## Instructions for the task
Please quote exactly the lines below from the line containing "The conjugation of reinpfuschen" to the line containing "ヘコむあだ名 | 『ハルを』『つくし』『ハルにゅー』 |", both lines included, and nothing else.

Data under study below:

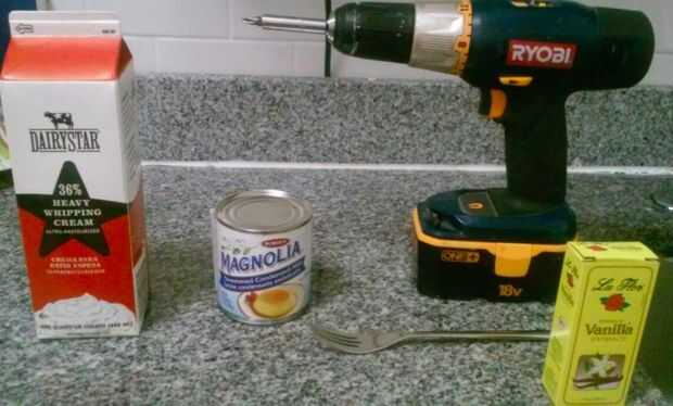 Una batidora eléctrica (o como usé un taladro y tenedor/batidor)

End of Data under study.
Data under study below:

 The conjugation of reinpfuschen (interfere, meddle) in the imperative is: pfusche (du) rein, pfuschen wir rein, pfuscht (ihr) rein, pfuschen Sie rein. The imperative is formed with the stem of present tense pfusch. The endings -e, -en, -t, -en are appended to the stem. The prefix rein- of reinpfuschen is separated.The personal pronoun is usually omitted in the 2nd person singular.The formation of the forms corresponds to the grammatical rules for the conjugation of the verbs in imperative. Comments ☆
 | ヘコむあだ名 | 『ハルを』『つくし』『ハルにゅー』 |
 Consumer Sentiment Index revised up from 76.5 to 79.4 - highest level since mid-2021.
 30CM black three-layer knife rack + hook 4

End of Data under study.
Data under study below:

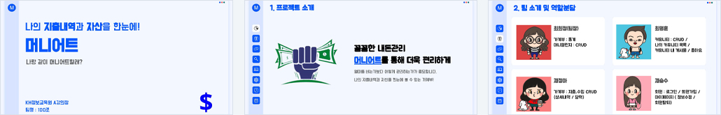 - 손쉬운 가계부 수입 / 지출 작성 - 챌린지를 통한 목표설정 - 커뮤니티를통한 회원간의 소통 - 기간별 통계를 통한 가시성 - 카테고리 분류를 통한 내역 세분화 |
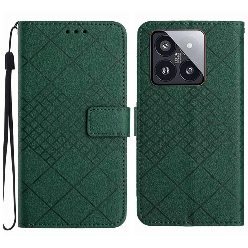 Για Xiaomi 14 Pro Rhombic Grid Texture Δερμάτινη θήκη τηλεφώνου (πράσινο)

End of Data under study.

## Result for this task
 The conjugation of reinpfuschen (interfere, meddle) in the imperative is: pfusche (du) rein, pfuschen wir rein, pfuscht (ihr) rein, pfuschen Sie rein. The imperative is formed with the stem of present tense pfusch. The endings -e, -en, -t, -en are appended to the stem. The prefix rein- of reinpfuschen is separated.The personal pronoun is usually omitted in the 2nd person singular.The formation of the forms corresponds to the grammatical rules for the conjugation of the verbs in imperative. Comments ☆
 | ヘコむあだ名 | 『ハルを』『つくし』『ハルにゅー』 |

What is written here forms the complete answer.